You are given two non-empty linked lists representing two non-negative integers. The digits are stored in reverse order and each of their nodes contain a single digit. Add the two numbers and return it as a linked list.
給定兩個非空的鏈表,表示兩個非負整數。 數字以相反的順序存儲,每個節點包含一個數字。 添加兩個數字並將其作爲鏈表返回。

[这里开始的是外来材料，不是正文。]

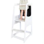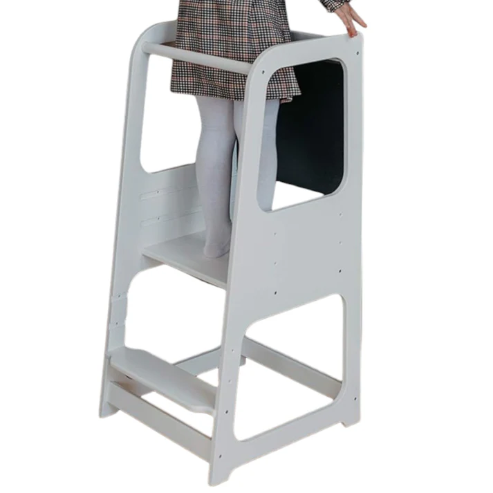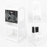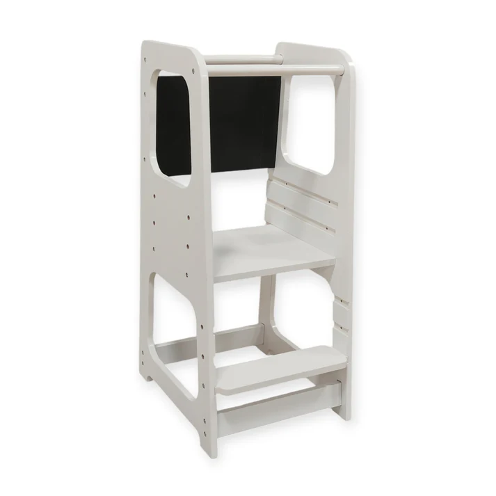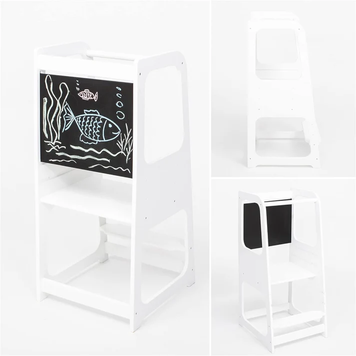 Детска регулируема кула с черна дъска с модерен и стабилен дизайн . Детска регулируема кула с черна дъска е изработена от висококачествени дървени материали, което гарантира нейната дълготрайност и стабилност. Със своя елегантен бял цвят и изчистени линии,  лесно се вписва във всяка детска стая, добавяйки нотка елегантност и ред. Регулируемата височина позволява лесно приспособяване към ръста на детето, осигурявайки комфорт и сигурност по време на използване. Кулата е снабдена с черна дъска, която предоставя възможност за рисуване и писане с тебешир, стимулирайки творческото мислене и учебните дейности на детето. Дизайнът на кулата е съобразен с принципите на Монтесори, насърчавайки децата да бъдат самостоятелни и да участват активно в различни дейности в домакинството. Това образователно столче стълба е идеално за ползване в кухнята, като позволява на децата да се включат в приготвянето на храна, миене на съдове и други домашни задачи, развивайки техните умения и увереност. Мебелите не са само функционални, но и израз на стил и естетика. Разнообразието от материали – от дърво и метал до текстил и кожа – предоставя възможности за подбор на мебели, които отговарят на предпочитанията и изискванията на всеки. Съчетаването на различни текстури, цветове и форми създава интересен и хармоничен интериор.

Input: (2 -> 4 -> 3) + (5 -> 6 -> 4)
Output: 7 -> 0 -> 8
emmm,就是鏈表對應的相加,有進位的進位到下一個相加的節點,null的當做0來計算,只要把進位符號加到下一個節點就行了。
/**
* Definition for singly-linked list.
* public class ListNode {
* int val;
* ListNode next;
* ListNode(int x) { val = x; }
* }
*/
public class Solution {
public ListNode addTwoNumbers(ListNode l1, ListNode l2) {
ListNode shit = new ListNode(0);
ListNode temp =shit;
ListNode a = l1;
ListNode b = l2;
int carry = 0;//表示進位符號
while (a!=null||b!=null)
{
//如果有個鏈表短,則空的就當做0,
int first = (a==null)?0:a.val;
int second = (b==null)?0:b.val;
int sum = first+second+carry;
carry = sum/10;
temp.next = new ListNode(sum%10);
temp = temp.next;
if(a!=null)a = a.next;
if(b!=null)b = b.next;
}
if(carry>0){//這裏如果到了最後一位加還有一個進位的時候要多加一個節點
temp.next = new ListNode(carry);
}
return shit.next;
}
}